The size of the central aperture 312 is selected to pass the coated fiber 10 while substantially preventing stray actinic light 252S from entering the central channel 216 at the input end 212 of the coating die 210 of the coating sub-system 200B. An example range on the diameter Da of the central aperture 312 is 0.5 mm to 50 mm, or 0.5 mm to 25 mm, or 0.5 mm to 15 mm, or 0.8 mm to 10 mm.
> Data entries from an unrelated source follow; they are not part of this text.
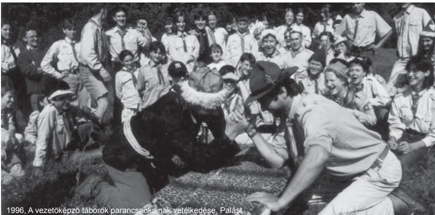
1996. A vezetőképző táborok parancsnokainak vetélkedése, Palást

– Fő célunk, hogy egy önkéntes alapon munkálkodó, testileg, lelkileg és szellemileg egészséges, a keresztény/keresztényen hitét, a magyarságát megismerő, illetve azt gyakorló, csapatban és önállóan is gondolkodó, döntésképes fiatal neveljünk fel a cserkészmódszereken alapuló kiscsoportos korosztályi nevelőprogramnak köszönhetően. A lényeg: heti rendszeres, következetes kiscsoportos nevelőmunka, mely a tudásanyagot túl a vezető példamutatásán keresztül neveli a 10 cserkésztvörvény és a cserkészfogadalom szellemében a fiatalokat. Az összes többi programunk – túrák, kirándulások, megemlékezések, vetélkedők, sportrendezvények, táborok, régiós és országos programjaink – ezt a kiscsoportos nevelőmunkát segítik és egészítik ki. Az a cserkész, aki barátai, cserkészársai körében, azokkal közösen a természetben felveri sátrát, kiépíti annak körletét, táborúzi jelenetet gyakorol be, majd ad elő nyilvánosan, örsével közösen főzi meg a saját vacsoráját, vagy 24 órás túrán belül gyakorolja a térkép szerinti tájékozódást, az észrevétlenül is sok-sok olyan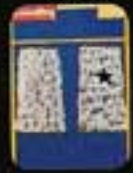
6332 Gardin Classic.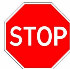
Движение без остановки запрещено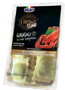
Langosta Cont. Net.: 250g / 500g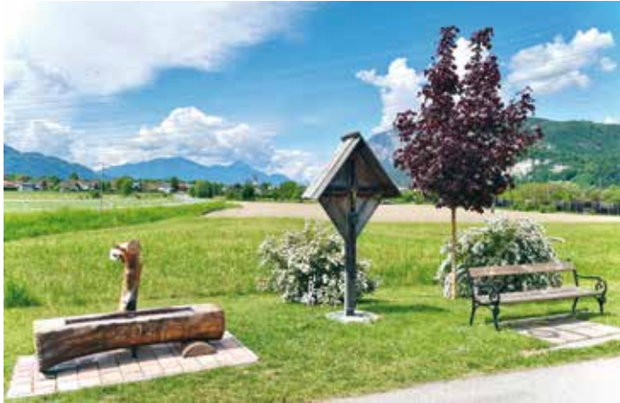
Das revitalisierte Prangerkreuz in Stobitzen schafft eine wunderbare Atmosphäre zum Innehalten.

Wegekreuze sind Orte des Verweilens, Innehaltens und manchmal auch der Andacht. Ein solches Kleinod befindet sich seit jeher in Stobitzen, genauer gesagt am Beginn der Industriestraße, westlich der ehemaligen Pizzeria „Al Prato“.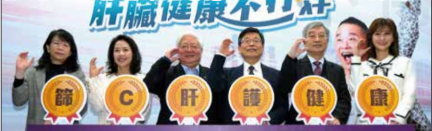
↑國健署於3月18日辦理「C肝篩檢有成效 肝臟健康不打烊」記者會（左三圍國健署長吳昭軍）。

【本刊訊】國民健康署於3月18日辦理「C肝篩檢有成效 肝臟健康不打烊」記者會，並發布「消除C肝最後一哩路！主動篩檢 積極治療 治癒率近99%」。為預防感染B、C型肝炎病毒而罹患肝病，國民健康署自109年起擴大提供45至79歲民眾（原住民提前至40歲）免費終身1次B、C肝篩檢，透過補助金額調升、轉介獎勵及特定族群快篩等策略提升篩檢成效。全國已有超過6千家醫療院所投入B、C肝篩檢服務，攜手消除C肝。國健署強調，若發現自身或親朋好友C肝抗體檢查結果為陽性或不確定，立即主動接受進一步診斷，確保及早獲得適當治療。若確診為C肝者，健保將全額給付C肝口服藥物，治癒率近99%。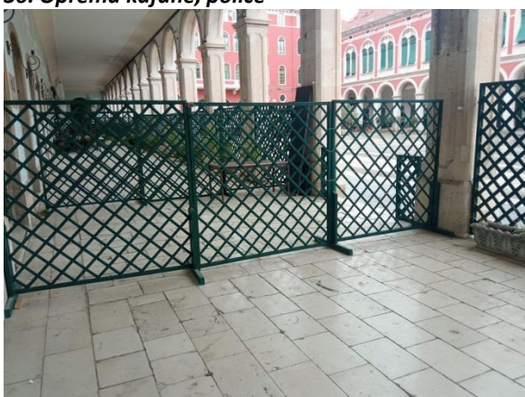
38. Drvena ograda, po mjeri

In another example, for a given diameter DF of the coated fiber 10, the central aperture diameter Da is in the range (1.05)·DF≤Da≤(10)·DF or in the range (1.5)·DF≤Da≤(5)·DF. In an example, the central aperture diameter Da is sized as small as possible to pass the coated fiber 10 without touching the coated fiber 10, accounting for lateral displacements of the coated fiber 10 that can occur for example due to vibrations caused by the coated fiber 10 moving at a drawing speed S through the fiber drawing system 100. In an example, the bare fiber 10B has a diameter of about 0.125 mm while the coated fiber 10 with the primary coating 240aC has a diameter DF of about 0.165 mm.

FIG. 5B is similar to FIG. 5A and shows an example light-blocking device 300 with two axially spaced-apart irises 310. In an example, the spaced-apart irises 310 can be supported by a tube 330 having an axial length LA, an inside diameter DT, and interior surface 336 that defines a tube interior 338. The combination of the spaced-apart irises 310 and the tube 330 constitute an example of a light baffle 350. In an example, the interior surface 336 of the tube 330 can be roughened or include light-absorbing material (e.g., light-absorbing paint, lamp black, etc.) to reduce specular reflection of stray actinic light from the interior surface. In an example, the upstream iris 310 can reside immediately adjacent the curing zone 256 while the downstream iris 310 can reside immediately adjacent the input end of the coating die 210. In addition, more irises 310 can be employed beyond the two irises 310 shown by way of example in FIG. 5B.

FIG. 6A is an elevated and partially cut-away view of an example light-blocking device 300 in the form of a light baffle similar to that of FIG. 5B. FIG. 6B is a cross-sectional view of the example light-blocking device 300 of FIG. 6A. The light-blocking device 300 of FIG. 6A includes the tube 330 with a tube axis AT and opposite first and second ends 332 and 334 and an exterior surface 339. The light-blocking device 300 has two or more fixed or adjustable aperture members 340 operably supported in the tube interior 338 and having central apertures 342. In an example, the adjustable aperture members 340 can comprise the aforementioned irises 310. Example light-blocking devices 300 comprise between two and ten spaced apart aperture members 340.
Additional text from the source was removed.